Many are wondering what is driving the price of oil. Prices have jumped about 30% since August. There are a bunch of factors at work here. At it's core is rising demand from around the world. We're seeing big upticks in demand from rapidly growing countries like China and India. And we have the weak dollar. Oil is priced in dollars, so as our dollar falls in value, foreign investors can basically buy oil at a discount. We also have geopolitical situations. Last week the U.S announced new sanctions against Iran, a major oil provider. Events such as this will continue to drive oil prices higher. $100 a barrel does not seem far away.
The concern this has for the U.S. Economy is that higher oil prices will translate into higher gasoline prices and higher home heating bills. These in turn could slow down the consumer. The consumer is what drives this economy and they're already facing some tough headwinds, thanks to falling housing prices and the subprime situation.
Now there is a belief that consumers are more immune to rising energy costs than they were in the past. That's because of rising wages. Because we earn more, less of our disposable income goes to energy costs. The broader economy itself is less reliant on energy. That said, if we really start to see prices rise, say $4 a gallon of gasoline, AuWerter thinks it will take a toll on consumers and the 4th quarter is a key one as far as consumer spending is concerned.

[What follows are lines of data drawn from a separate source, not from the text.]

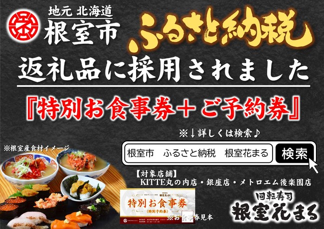 新鮮で良質な海の幸に恵まれた根室市。魚介製品だけでも1900品以上ある「返礼品」の中から、2022年7月より採用された「根室花まる特別お食事券(席予約付)」が、大変好調なスタートを切っております。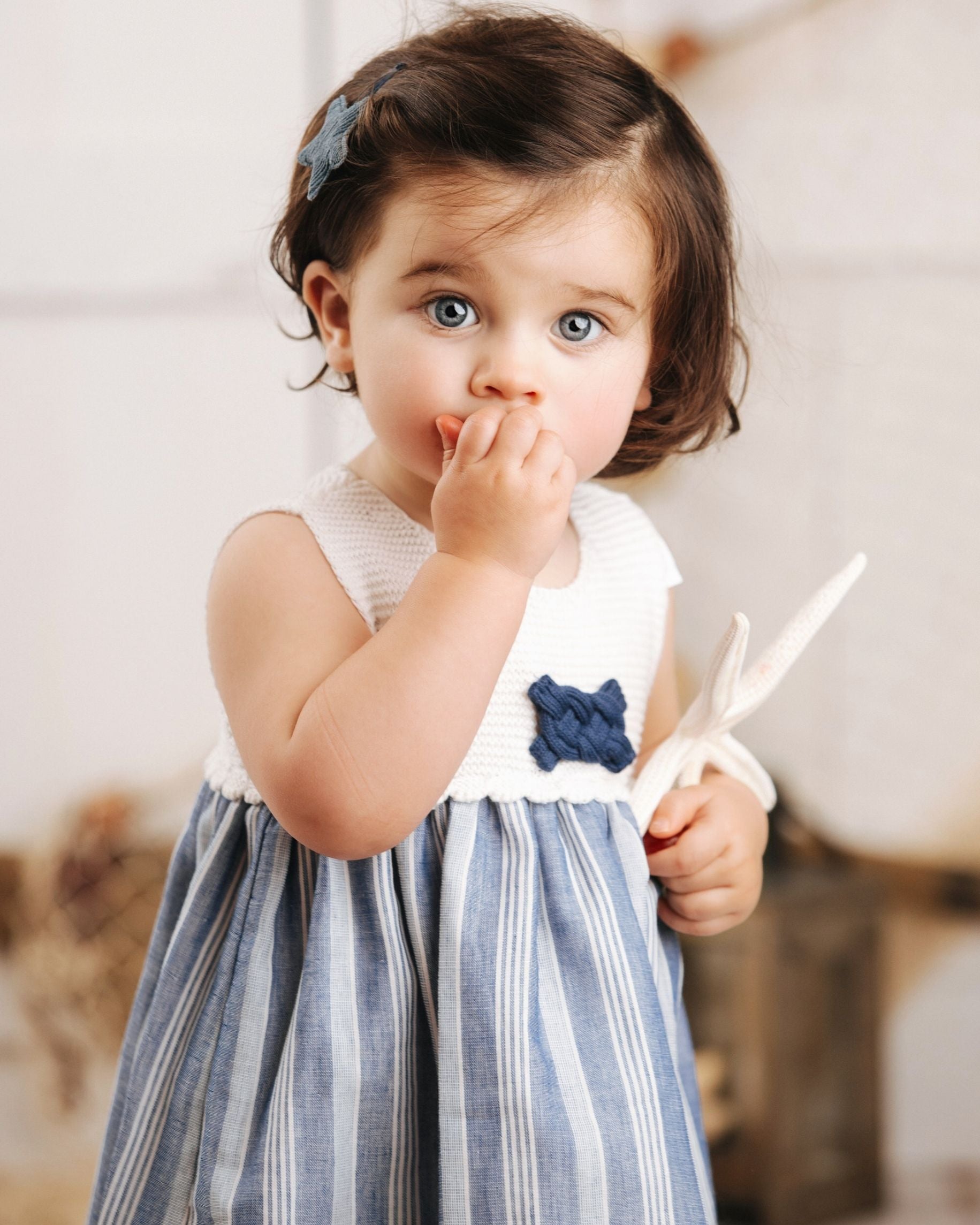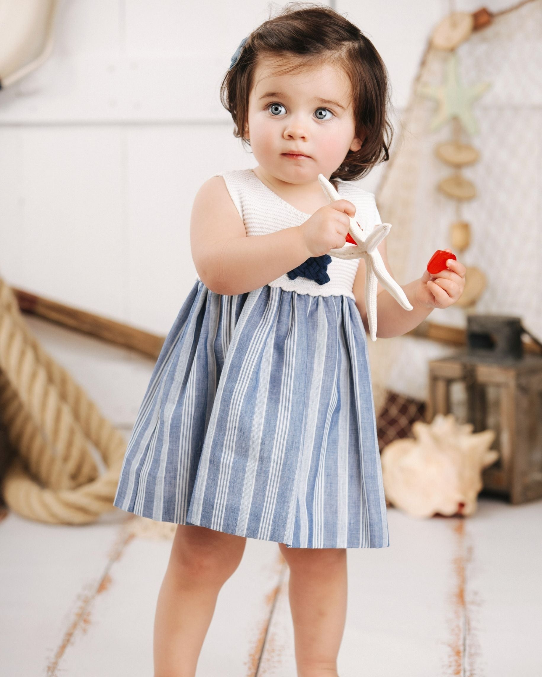 Cualquier plan es perfecto para este vestidito, que lleva toda la magia del Mar Cantábrico. Tu niña estará cómoda y fresca durante todo el día, además de estar preciosa. Con su nudo artesanal en el pecho se sentirá como una pequeña marinera en busca de su primera aventura marina.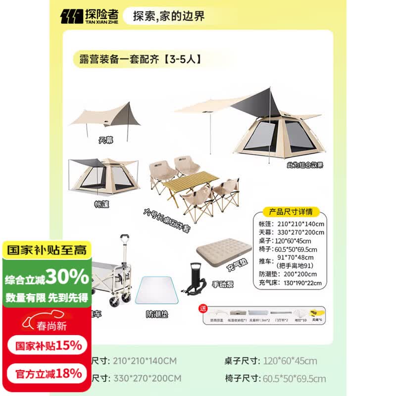 探险者(TAN XIAN ZHE)户外折叠椅露营椅子月亮椅便携折叠桌椅高靠背躺椅小凳子钓鱼椅 【120桌椅】露营装备一套配齐[3-5人]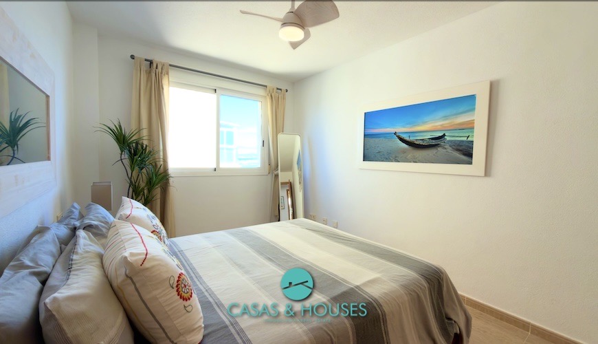 Step into a unique and super functional interior layout, where every detail is designed to make the most of light, views, and space. The main bedroom, spacious and cozy, awaits you with a large double bed, fitted wardrobes, and ceiling fans for restful nights. The guest bedroom, with twin beds, fitted wardrobe, and its own fan, is perfect for family or friends, bathed in soft southeast light. All rooms boast privileged views and exceptional natural ventilation, thanks to the height and dual orientation that makes everything flow harmoniously.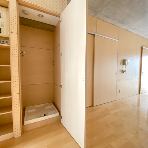 水回り、キッチンは壁側にぴったりとくっついて必要のないときは扉で隠すことができます。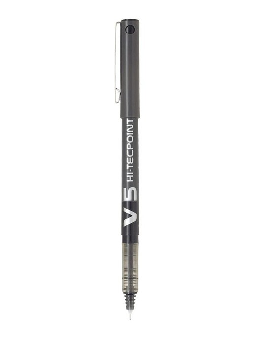 Cienkopis kulkowy z obudową w kolorze tuszu i okienkiem pozwalającym na kontrolę jego zużycia. Posiada bezpieczną wentylową skuwkę z metalowym klipem. Możliwość pisania po każdym rodzaju papieru. Polecane dla osób leworęcznych. Cienkopis V5 posiada igłową końcówkę, dzięki której linia pisania jest bardzo precyzyjna. Grubości linii pisania: 0,30 mm, długości linii pisania: 1700 m. Występuje w kolorach czarny, czerwony, niebieski, zielony.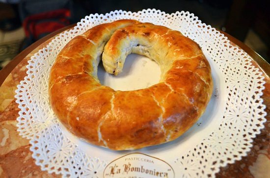 Il presnitz è un tipico dolce triestino, simile allo strudel, a base di pasta sfoglia arrotolata con un ripieno di noci, mandorle, pinoli, fichi, prugne, albicocche, uvetta, cioccolata grattugiata, zucchero, cannella, chiodi di garofano e rum. Pellegrino Artusi lo definì “dolce di tedescheria”. La foto è della Pasticceria La Bomboniera di Trieste.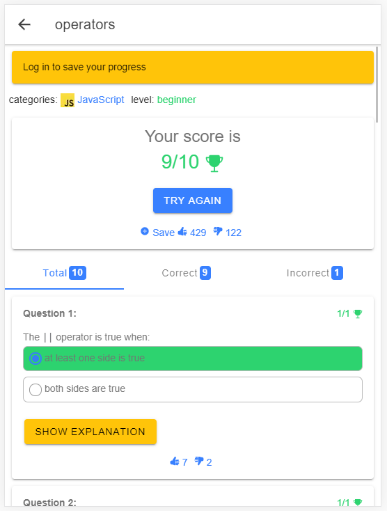 ⭐ پیشرفت از طریق آزمون ها و سوالات جاوا اسکریپت به سطوح مبتدی، متوسط و پیشرفته. مهارت های خود را با سرعت خود توسعه دهید.
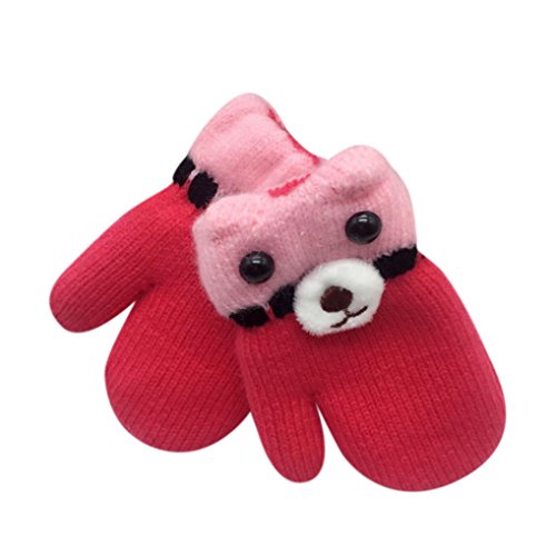 Tonsee キッズ 手袋 子供用 可愛い ニットグローブ 保温 防寒 女の子 男の子 赤ちゃん ミトン 冬用 通学 お出かけ用 (ホットピンク)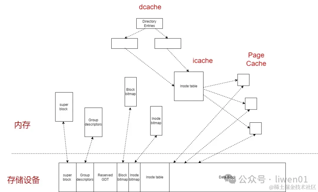 在实际使用的时候,情况会更加地复杂,因为系统为了提升文件系统的读写检索性能,在挂载文件系统的时候,系统会将文件系统的元数据缓存到内存上。如下图《图1.1 内存与存储结构》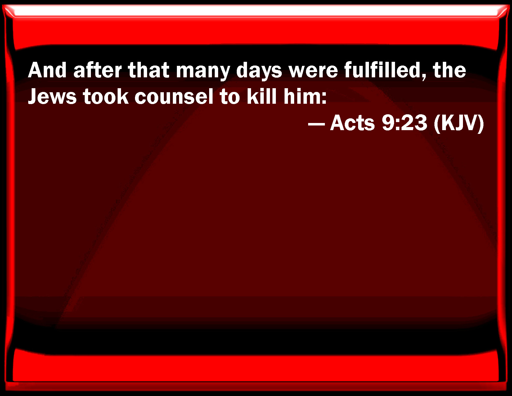 Bible Verse Slide Acts 9:23 And after that many days were fulfilled, the Jews took counsel to kill him: KJV: And after that many days were fulfilled, the Jews took counsel to kill him: DRB: And when many days were passed, the Jews consulted together to kill him. DBT: Now when many days were fulfilled, the Jews consulted together to kill him. ERV: And when many days were fulfilled, the Jews took counsel together to kill him: WBT: And after many days were fulfilled, the Jews took counsel to kill him. WEB: When many days were fulfilled, the Jews conspired together to kill him, YLT: And when many days were fulfilled, the Jews took counsel together to kill him,Links Acts 9:23 NIV • Acts 9:23 NLT • Acts 9:23 ESV • Acts 9:23 NASB • Acts 9:23 KJV • Acts 9:23 Interlinear • Acts 9:23 Commentaries • Acts 9:23 Parallel Texts • Acts 9:23 Bible Apps • Acts 9:23 Parallel • Bible Hub |

Part of what's been driving the price of oil is speculative investors. But investing in commodities outright is not something AuWerter recommends for the average investor. If you want to put a very small slice into a commodities fund or ETF, that's an option. The concern right now is that you're buying at a peak. Same for buying the stock of energy companies. You might be paying more at the pump, but if you're holding the stock of the big energy companies, at least you're benefiting on that end. But if oil prices fall, these stocks will fall too, so be fully aware of the risks.
The Fed meets this week and if a rate cut happens it's likely to drive prices higher, because the dollar will likely fall further. When the Fed cuts rates, it makes our dollars less attractive as investments, which is one factor of many that lowers the dollar. And again, because oil is priced in US dollars, a weak dollar means that foreign investors get oil on the cheap.
So far we haven't seen much of an uptick in gasoline prices. That's in part because right now is a relatively slow time for driving, we're off the summer rush and it's too soon for the holidays. But prices are likely to go up and we're likely to see higher prices for home heating oil as well as for airline tickets, and even food that's delivered from far away places. That said, as a consumer, there are things you can do to offset the prices. Install a programmable thermostat in your home. Keep your tires inflated properly, don't use super unleaded gasoline unless your car really requires it. Now is as good a time as any to really take a look at your household budget and batten down for the months ahead in case it gets ugly.